*Work item*
Only the lines from the one with "LED Báo Sạc |" through the last line of the data below are to be duplicated, exactly and without pictures.
*** Opening of The data ***
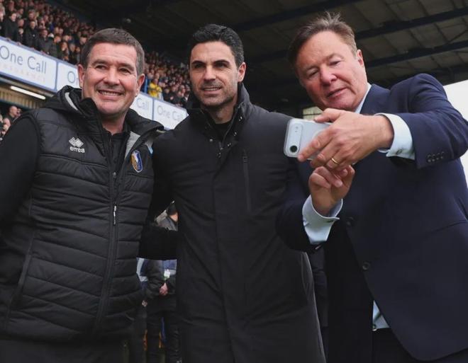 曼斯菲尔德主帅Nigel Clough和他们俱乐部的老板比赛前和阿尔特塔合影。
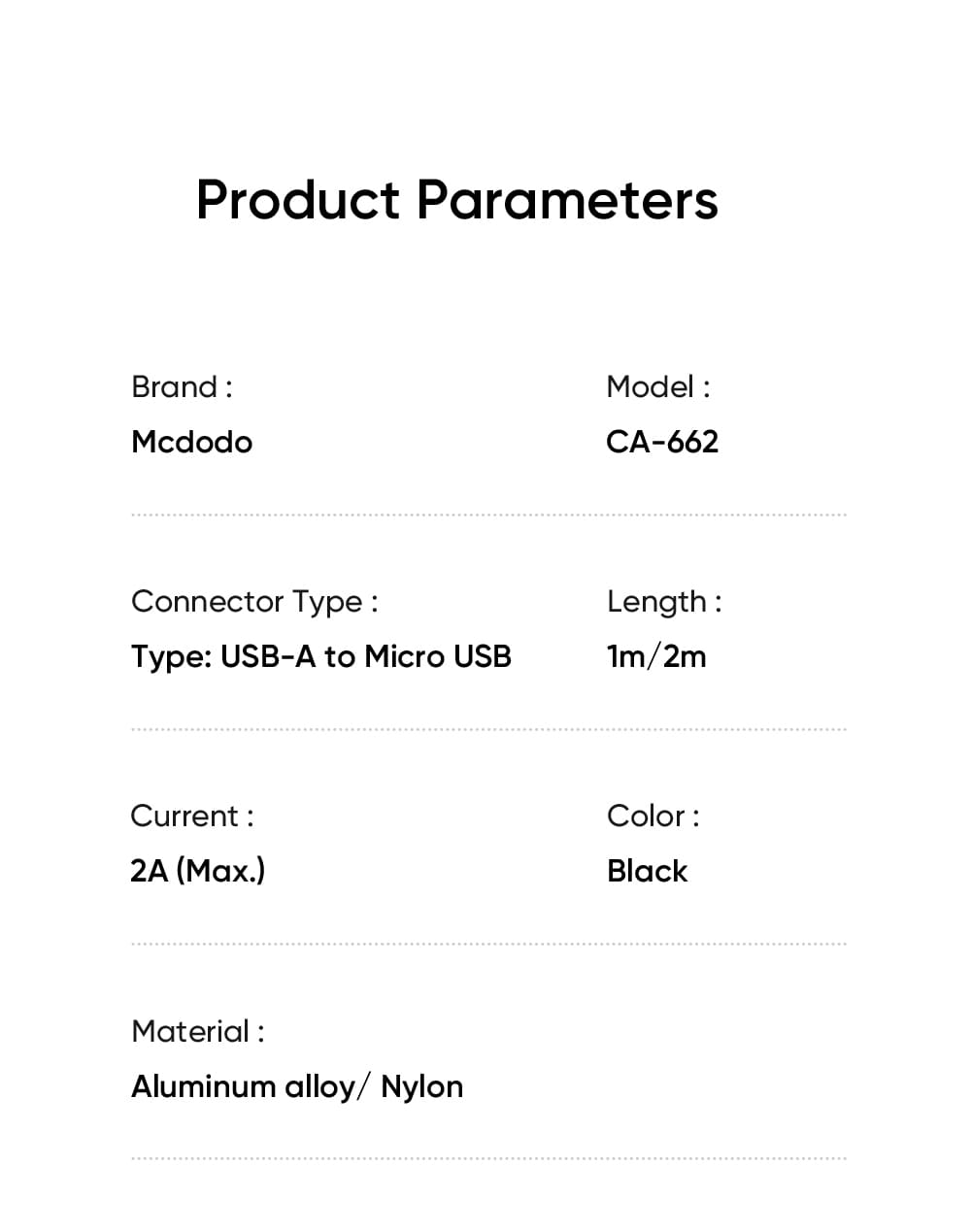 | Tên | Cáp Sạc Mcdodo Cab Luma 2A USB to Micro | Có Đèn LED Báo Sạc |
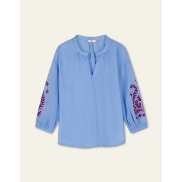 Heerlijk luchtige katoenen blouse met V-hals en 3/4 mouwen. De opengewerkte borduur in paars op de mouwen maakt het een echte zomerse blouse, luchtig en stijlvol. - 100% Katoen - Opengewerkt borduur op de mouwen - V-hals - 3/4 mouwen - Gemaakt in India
*** Close of The data ***
*Answer to this exercise*
 | Tên | Cáp Sạc Mcdodo Cab Luma 2A USB to Micro | Có Đèn LED Báo Sạc |
 Heerlijk luchtige katoenen blouse met V-hals en 3/4 mouwen. De opengewerkte borduur in paars op de mouwen maakt het een echte zomerse blouse, luchtig en stijlvol. - 100% Katoen - Opengewerkt borduur op de mouwen - V-hals - 3/4 mouwen - Gemaakt in India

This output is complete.